Era um cubículo acanhado, de somente duas cadeiras, aonde se vai porque ao fim de vinte anos falece a coragem de quebrar a rotina.

– Olhe que é boa peça, o homem, meu amigo. – A navalha corria a cara do agente com a leveza da prática que o artritismo ainda não perturbara. – Tem lá aquela mania do dinheiro, e depois? Há bem pior a cada esquina. Por acaso, ontem estava pouco falador. Quis meter chalaça dizendo-lhe que dali a umas horas o banco teria de arranjar uma divisão nova só para o dinheiro dele, e ouvi-lhas tortas. – As paredes, pejadas de espelhos, mostravam os passos do homenzarrão.

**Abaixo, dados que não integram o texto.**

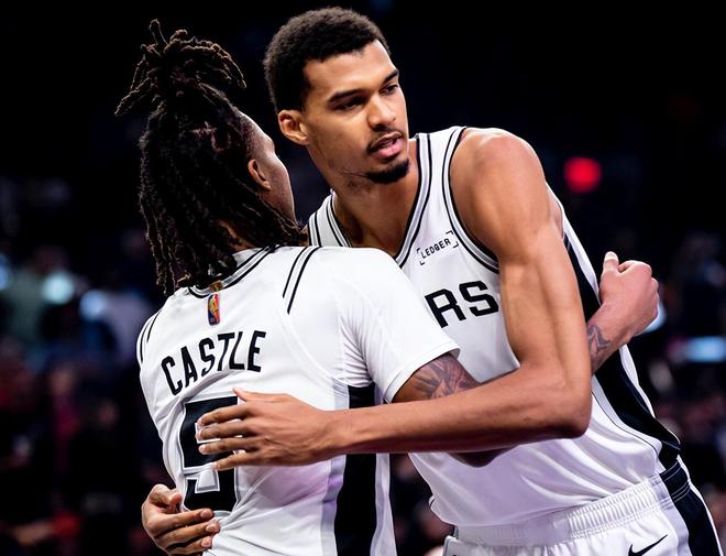 从某种意义上讲,马刺队能从死亡之组脱颖而出已经是了不起的成就,他们将掘金、火箭挡在淘汰赛大门之外也在无形之中改写了本届NBA杯争冠格局。到了淘汰赛,马刺队更加残暴!8进4面对湖人,文班亚马延迟复出,卡斯尔和福克斯合砍50分+14篮板+9助攻,打爆东契奇、老詹和里夫斯三巨头,马刺队132-119爆冷淘汰湖人队;半决赛面对雷霆队,后者正处于16连胜之中,文班亚马复出后生涯首次替补出战,马刺队4人砍下20+,在落后16分的情况下完成绝地大反击,2分险胜终结雷霆的16连胜,昂首挺进NBA杯决赛。
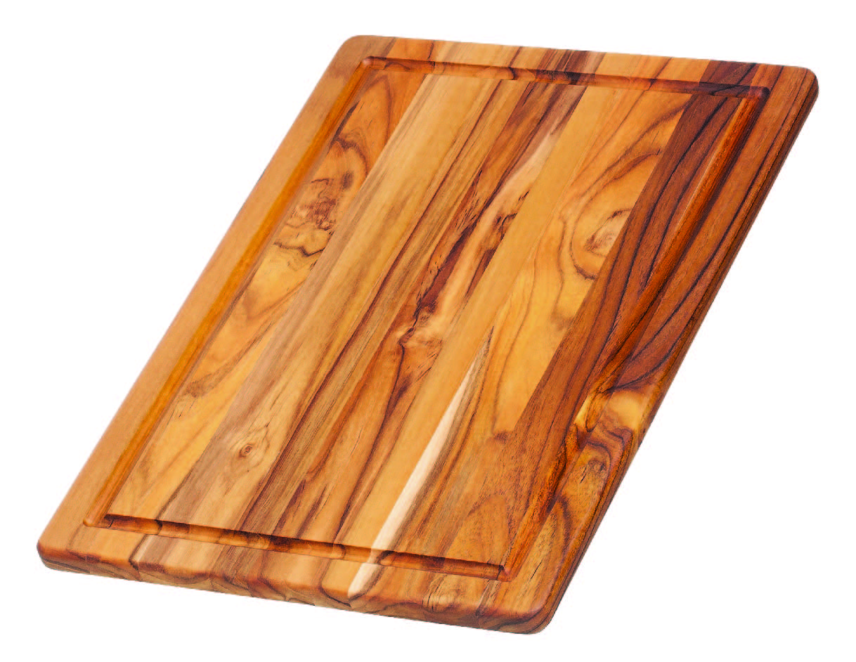 ESSENTIAL COLLECTION - Essential Cutting Board W/Juie Canal (L). A cutting board is the starting point to any food celebration. As you chop all your fresh ingredients to master the perfect seasoning, remember this is an experience from beginning to end. Rectangle, Edge Grain, Juice Canal on One Side, Reversible, Master Case of 4. 100% Sustainable teakwood. Handwash only, do not soak. FSC Certified Product. Teak is a tropical wood with a high oil content that acts as a moisture-resistant barrier. Its medium hardness provides a luxurious cutting experience and keeps your knives sharp. For mainteining use just a few drops of mineral oil, your boards will look like new again. Our zero-waste production process helps to minimize our environmental impact. All our teakwood comes from sustainable forests. FSC-certified, which means every purchase helps preserve nature, support sustainable forestry, protect biodiversity,
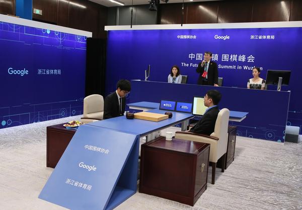 5月23日,雨从早下到晚,围棋人机大战如期举行。柯洁对面,坐着的仍是黄士杰,仍然作为AlphaGo的人肉臂代为落子。
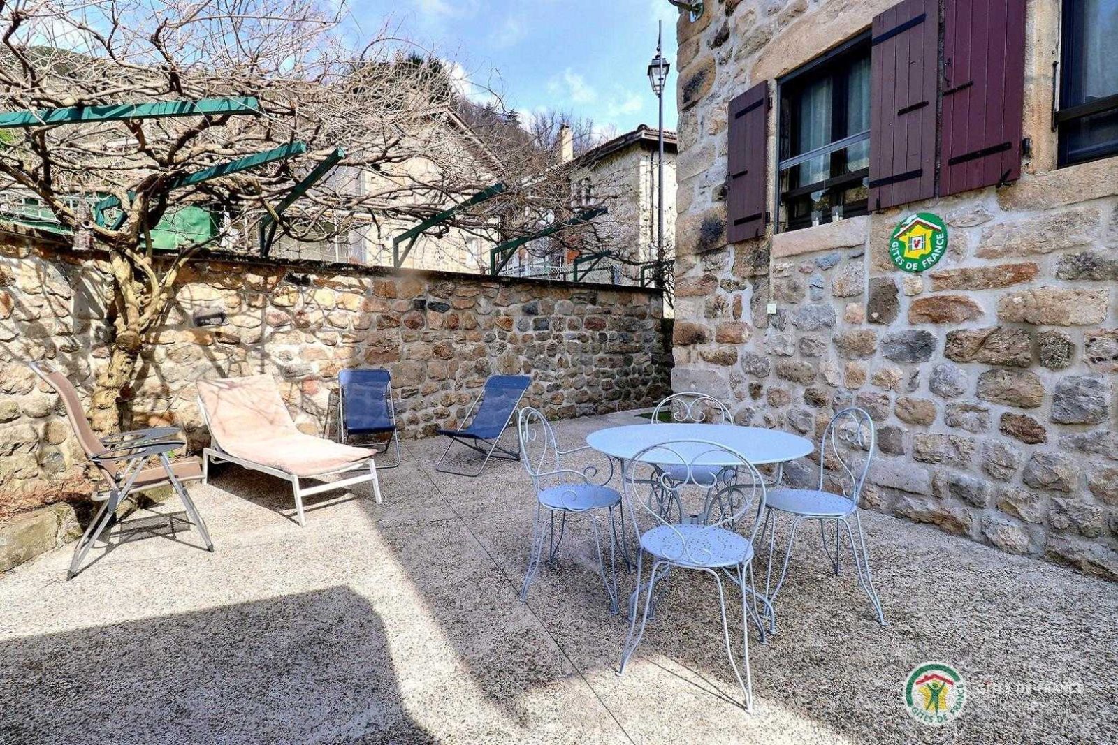 In leafy valley below the Mézenc and Gerbier de Jonc mountains (extinct volcanoes). Comfortable, 2 level gîte adjoining owner's house, 1km from village. Living room/kitchen area, 2 bedrooms (2 single beds) (double bed), small separate room (cot), double sofa bed, bathroom, WC. Electric heating, inset fireplace. TV point. Enclosed courtyard. Large shops 15km.

Seabra reparou que as bainhas das calças desapareciam numas botas felpudas adequadas ao Inverno. – Não estava nos seus dias, não senhor. Talvez a emoção de ir receber aquela maquia…

Não parecia nada um advogado. Jovem, muito louro, camisa de mangas arregaçadas, daria melhor estampa de jornalista.

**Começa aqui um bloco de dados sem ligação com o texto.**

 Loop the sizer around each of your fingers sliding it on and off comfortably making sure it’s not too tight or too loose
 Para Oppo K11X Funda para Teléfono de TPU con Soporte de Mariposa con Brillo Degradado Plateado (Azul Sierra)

– É um velho enigmático, sem dúvida. Pediu-me para ter pronto, ontem, o dinheiro em boas notas de mil, ele que tem pavor a transportar valores consigo. Penso que desejaria sentir, uma vez que fosse, a sensação de apertar tanto dinheiro. É que o seu tipo de avareza foge ao padrão comum. Em vez de delirar com o toque do ouro, vibra com a conjunção dos números. É capaz de perder horas com as mais inverosímeis operações que lhe proporciona ou poderá proporcionar a fortuna que tem a render. Quando me propus para o acompanhar ao banco, opôs uma recusa algo seca.

Na tasca, encontrou um exemplar que nunca se terá conformado com o facto de não ter conseguido o lugar de coveiro na terra natal.

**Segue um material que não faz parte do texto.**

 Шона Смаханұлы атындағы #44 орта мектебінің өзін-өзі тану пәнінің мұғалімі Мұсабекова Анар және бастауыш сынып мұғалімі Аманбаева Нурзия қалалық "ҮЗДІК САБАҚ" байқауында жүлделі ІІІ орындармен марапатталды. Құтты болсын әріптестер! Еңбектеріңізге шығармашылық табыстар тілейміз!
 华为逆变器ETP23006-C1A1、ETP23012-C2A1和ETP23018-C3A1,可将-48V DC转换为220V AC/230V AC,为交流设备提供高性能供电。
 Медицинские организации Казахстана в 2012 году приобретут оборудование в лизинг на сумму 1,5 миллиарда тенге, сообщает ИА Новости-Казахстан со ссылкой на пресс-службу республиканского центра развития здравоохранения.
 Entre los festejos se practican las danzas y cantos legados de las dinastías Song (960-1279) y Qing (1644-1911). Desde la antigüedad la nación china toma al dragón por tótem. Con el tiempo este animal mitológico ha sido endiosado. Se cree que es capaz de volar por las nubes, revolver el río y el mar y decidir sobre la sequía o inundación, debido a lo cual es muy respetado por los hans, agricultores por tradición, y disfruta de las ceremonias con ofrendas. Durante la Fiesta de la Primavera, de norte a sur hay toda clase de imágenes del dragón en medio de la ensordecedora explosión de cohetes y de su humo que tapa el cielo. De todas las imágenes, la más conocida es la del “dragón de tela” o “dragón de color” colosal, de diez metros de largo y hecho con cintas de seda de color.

– Esse também lá andava com os seus vinagres, lá isso… Veja que perguntei ao estupor do Velho se já tinha metido a «massa» lá no banco, assim na melhor das intenções, que essa gatunagem… Pois só lhe digo que o gajo me manda às fuças que se eu estava à espera de que ele a tivesse ali para lha palmar bem podia ir-me matar! Tamanho desaforo! Claro que tive de mandá-lo à pata que o pôs.

No mesmo café da manhã, tomaram o galão e a torrada que se suspeitava constituir o seu jantar habitual.

– Vinha que nem lhe digo, nunca o vi assim. Já o Nelson, que o serviu de manhã, me dera a sacar das trombas com que ele andava. Como se motivo houvesse! Mamar sem bulir 300 Marias, um «harém» que só nas Arábias! Tristezas dessas não são cá com o filho do meu pai, é o caraças! Mas vá que sempre dei a minha ferroada: «Ó tio, conte aqui ao seu sobrinho afeiçoado quanto é que tem agora no Borges.» Havia de ver e ouvir! De tudo quanto disse e fez, nada confirmava o parentesco.

O sol já não entrava no gabinete da Judiciária. Realmente, sumira-se num lusco-fusco prematuro.

– Eu bem lhe dizia que tínhamos um começo prometedor entre as mãos. Claro que faltam as provas, que virão, estou certo, se malharmos o ferro enquanto em brasa. Olhe, procure ……… e traga-mo cá.

 

PERGUNTA-SE:

Quem vai comparecer perante o inspector? E não se esqueça de basear a sua resposta!